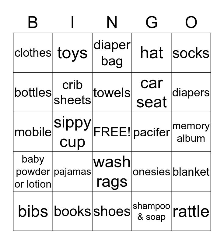 This bingo card has a free space and 24 words: pajamas, books, towels, bibs, socks, clothes, bottles, toys, pacifer, wash rags, car seat, mobile, onesies, blanket, crib sheets, shampoo & soap, memory album, diaper bag, diapers, sippy cup, rattle, baby powder or lotion, hat and shoes.
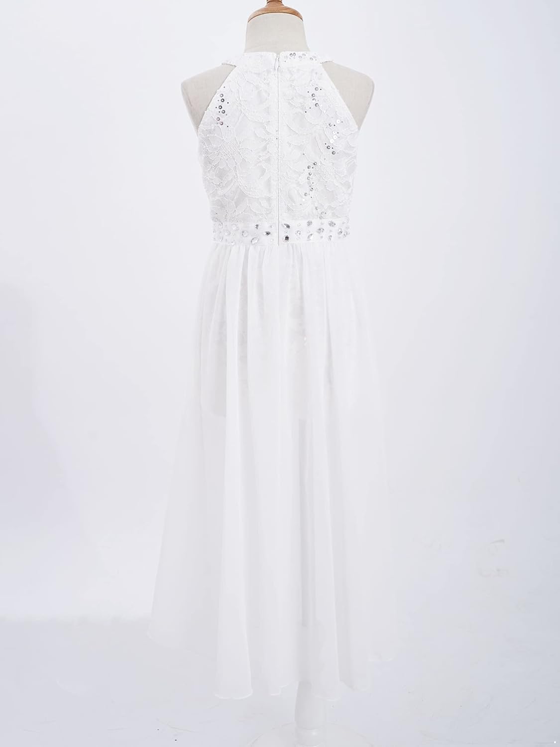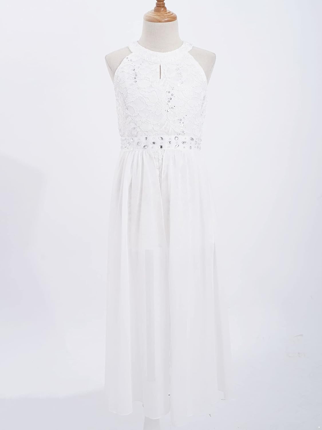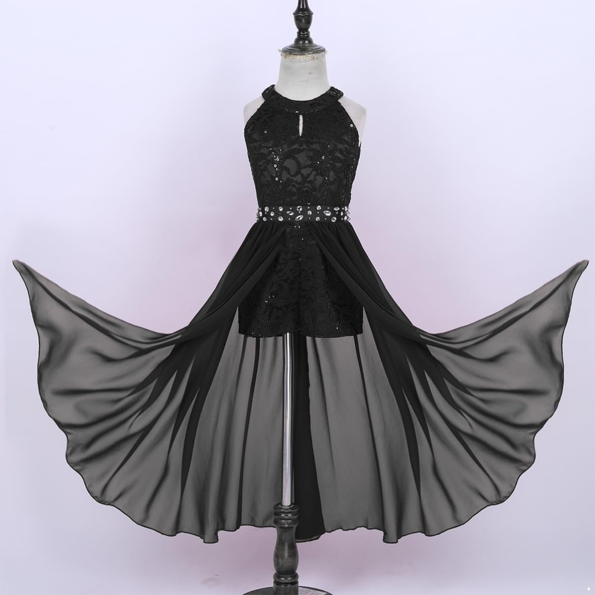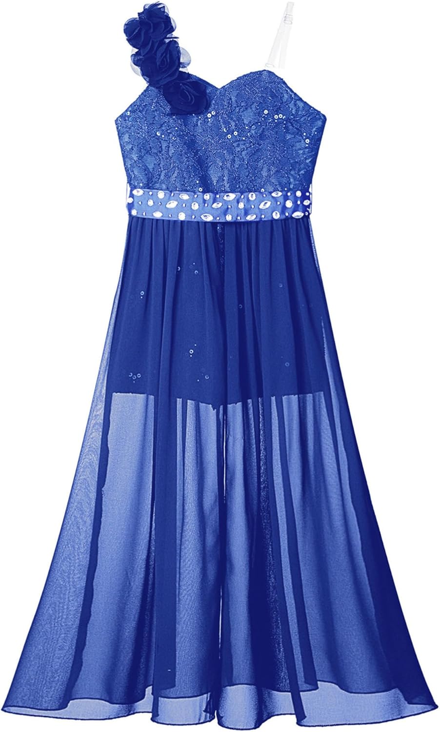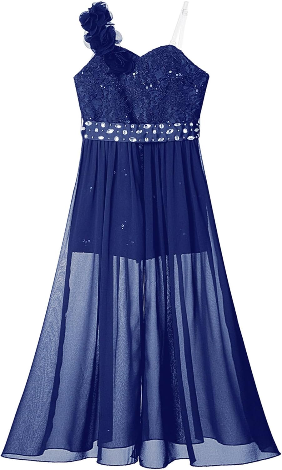 Kids Girls Sleeveless Floral Lace Shiny Rhinestones Birthday Party Maxi Dress Pageant Dancing Romper Gowns
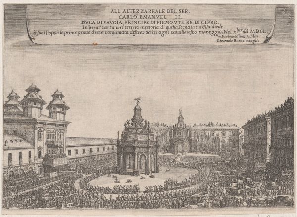 "Pelgrims voor de Sint Pieter in het heilige jaar 1575" was made in 1575 by Giovanni Battista Cavalieri using etching. The print captures the spectacle of pilgrims flocking to St. Peter's Basilica during the Holy Year, an event deeply embedded in the religious and political life of Rome. Cavalieri’s detailed rendering of the crowd invites us to consider the experiences of those who journeyed to Rome seeking spiritual renewal. This was a society deeply stratified by class and gender. Who had the privilege to embark on such a pilgrimage? What motivations drove them? How did this public display of faith reinforce existing power structures? Consider also the architectural backdrop—the imposing Basilica under construction. It symbolizes the Church's enduring power, and the labor and resources invested in its construction reflect the complex relationship between religious authority and artistic patronage. By capturing this moment in time, Cavalieri prompts us to reflect on the intersection of faith, power, and identity in shaping the cultural landscape of 16th-century Rome. The artwork highlights the emotional and social significance of religious gatherings.
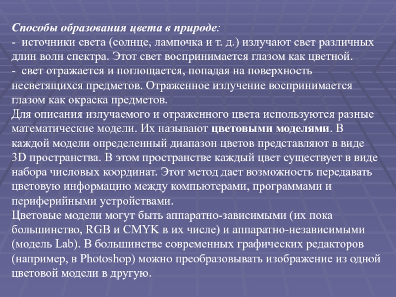Для описания излучаемого и отраженного цвета используются разные математические модели. Их называют цветовыми моделями. В каждой модели определенный диапазон цветов представляют в виде 3D пространства. В этом пространстве каждый цвет существует в виде набора числовых координат. Этот метод дает возможность передавать цветовую информацию между компьютерами, программами и периферийными устройствами.
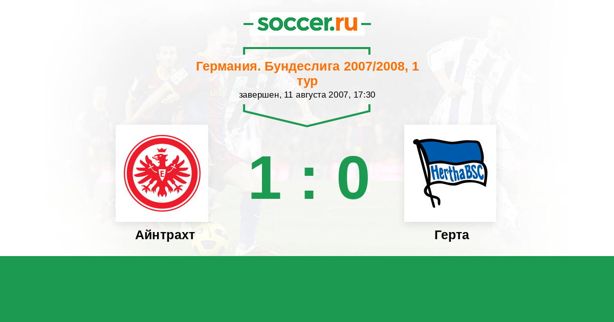 Германия. Бундеслига 17.08.2008 Айнтрахт Логотип футбольный клуб Айнтрахт (Франкфурт) 0:2 Логотип футбольный клуб Герта (Берлин) Герта

■ **Exercise requirements**
An exact reprint of the records above is required, with all pictures left out.

■ **Response**
 This bingo card has a free space and 24 words: pajamas, books, towels, bibs, socks, clothes, bottles, toys, pacifer, wash rags, car seat, mobile, onesies, blanket, crib sheets, shampoo & soap, memory album, diaper bag, diapers, sippy cup, rattle, baby powder or lotion, hat and shoes.
 Kids Girls Sleeveless Floral Lace Shiny Rhinestones Birthday Party Maxi Dress Pageant Dancing Romper Gowns
 "Pelgrims voor de Sint Pieter in het heilige jaar 1575" was made in 1575 by Giovanni Battista Cavalieri using etching. The print captures the spectacle of pilgrims flocking to St. Peter's Basilica during the Holy Year, an event deeply embedded in the religious and political life of Rome. Cavalieri’s detailed rendering of the crowd invites us to consider the experiences of those who journeyed to Rome seeking spiritual renewal. This was a society deeply stratified by class and gender. Who had the privilege to embark on such a pilgrimage? What motivations drove them? How did this public display of faith reinforce existing power structures? Consider also the architectural backdrop—the imposing Basilica under construction. It symbolizes the Church's enduring power, and the labor and resources invested in its construction reflect the complex relationship between religious authority and artistic patronage. By capturing this moment in time, Cavalieri prompts us to reflect on the intersection of faith, power, and identity in shaping the cultural landscape of 16th-century Rome. The artwork highlights the emotional and social significance of religious gatherings.
Для описания излучаемого и отраженного цвета используются разные математические модели. Их называют цветовыми моделями. В каждой модели определенный диапазон цветов представляют в виде 3D пространства. В этом пространстве каждый цвет существует в виде набора числовых координат. Этот метод дает возможность передавать цветовую информацию между компьютерами, программами и периферийными устройствами.
 Германия. Бундеслига 17.08.2008 Айнтрахт Логотип футбольный клуб Айнтрахт (Франкфурт) 0:2 Логотип футбольный клуб Герта (Берлин) Герта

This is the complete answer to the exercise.